# [The problem]
Pictures in the records below must be left out. Return exactly the lines from the line with "GPU 버전 세부정보" to the line with "39 other functions", both included.

# [Source material]

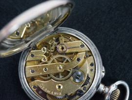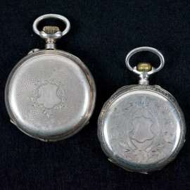 Due orologi da tasca in argento, fine XIX-inizi XX secolo, quadranti a numeri romani, misure max cm h 6,5x5,5, (meccanismi da revisionare)
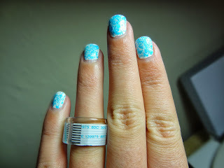 My Clan-themed nails (white nail polish with an overcoat of blue hexagons):
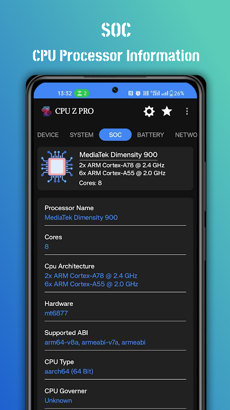 ➡️ SOC: 장치에 어떤 처리 칩이 있는지 알아보고 프로세서 이름, 코어, 아키텍처, 클러스터, 하드웨어, 지원되는 ABI, CPU 유형, CPU 거버너, 클럭 속도, BogoMIPS, CPU 실행 빈도와 같은 사용자 매개변수에 대한 정보를 얻습니다. GPU 렌더러, GPU 공급업체, GPU 버전 세부정보
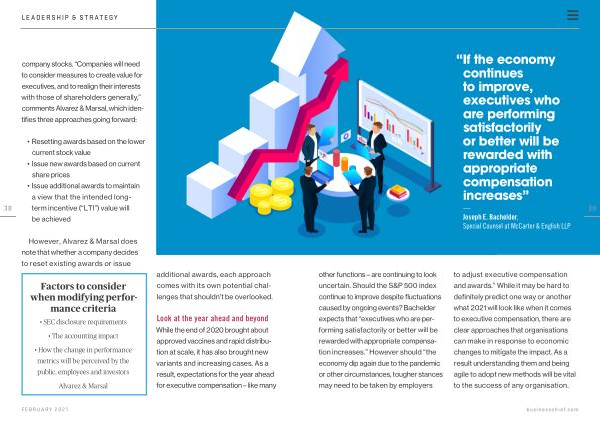 39 other functions – are continuing to look uncertain . Should the S & P 500 index continue to improve despite fluctuations caused by ongoing events ? Bachelder expects that “ executives who are performing satisfactorily or better will be rewarded with appropriate compensation increases .” However should “ the economy dip again due to the pandemic or other circumstances , tougher stances may need to be taken by employers to adjust executive compensation and awards .” While it may be hard to definitely predict one way or another what 2021 will look like when it comes to executive compensation , there are clear approaches that organisations can make in response to economic changes to mitigate the impact . As a result understanding them and being agile to adopt new methods will be vital to the success of any organisation .
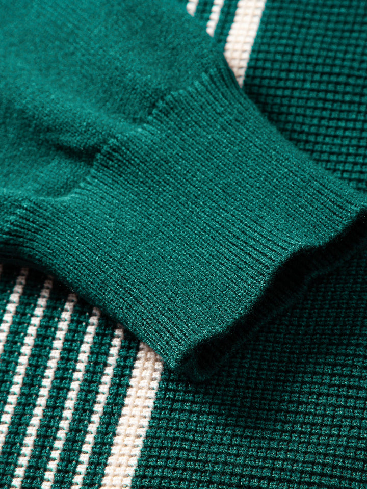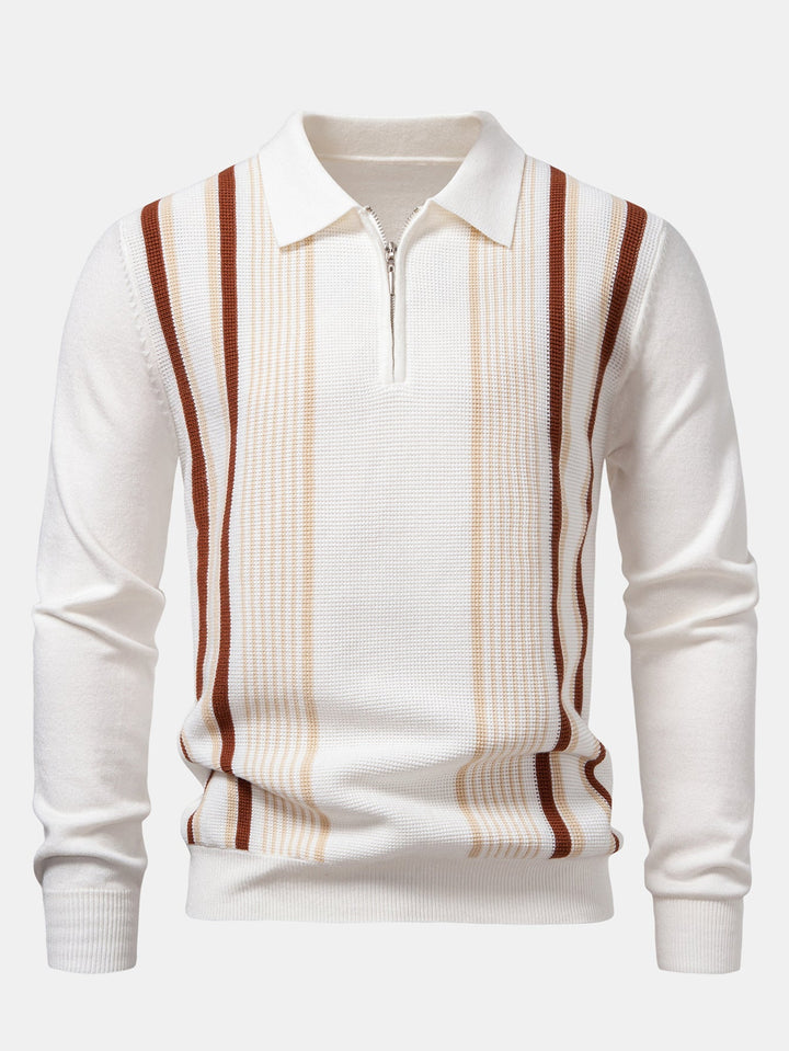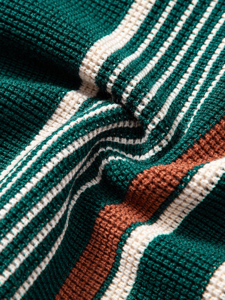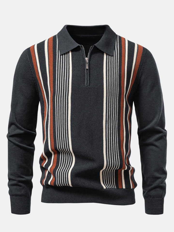 Featuring a classic striped design and a convenient quarter-zip neckline, this sweater combines style and functionality. Crafted from soft, comfortable knit fabric, it's perfect for layering over shirts or wearing alone. The relaxed fit ensures all-day comfort, making it ideal for streetwear looks, casual outings, or cozy indoor wear.
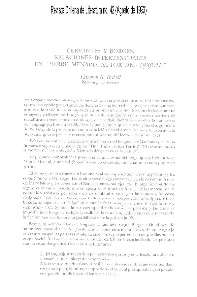 Cervantes y Borges; relaciones intertextuales en "Pierre Menard, autor del Quijote" [artículo] Carmen R. Rabell.

# [Exercise output]
 ➡️ SOC: 장치에 어떤 처리 칩이 있는지 알아보고 프로세서 이름, 코어, 아키텍처, 클러스터, 하드웨어, 지원되는 ABI, CPU 유형, CPU 거버너, 클럭 속도, BogoMIPS, CPU 실행 빈도와 같은 사용자 매개변수에 대한 정보를 얻습니다. GPU 렌더러, GPU 공급업체, GPU 버전 세부정보
 39 other functions – are continuing to look uncertain . Should the S & P 500 index continue to improve despite fluctuations caused by ongoing events ? Bachelder expects that “ executives who are performing satisfactorily or better will be rewarded with appropriate compensation increases .” However should “ the economy dip again due to the pandemic or other circumstances , tougher stances may need to be taken by employers to adjust executive compensation and awards .” While it may be hard to definitely predict one way or another what 2021 will look like when it comes to executive compensation , there are clear approaches that organisations can make in response to economic changes to mitigate the impact . As a result understanding them and being agile to adopt new methods will be vital to the success of any organisation .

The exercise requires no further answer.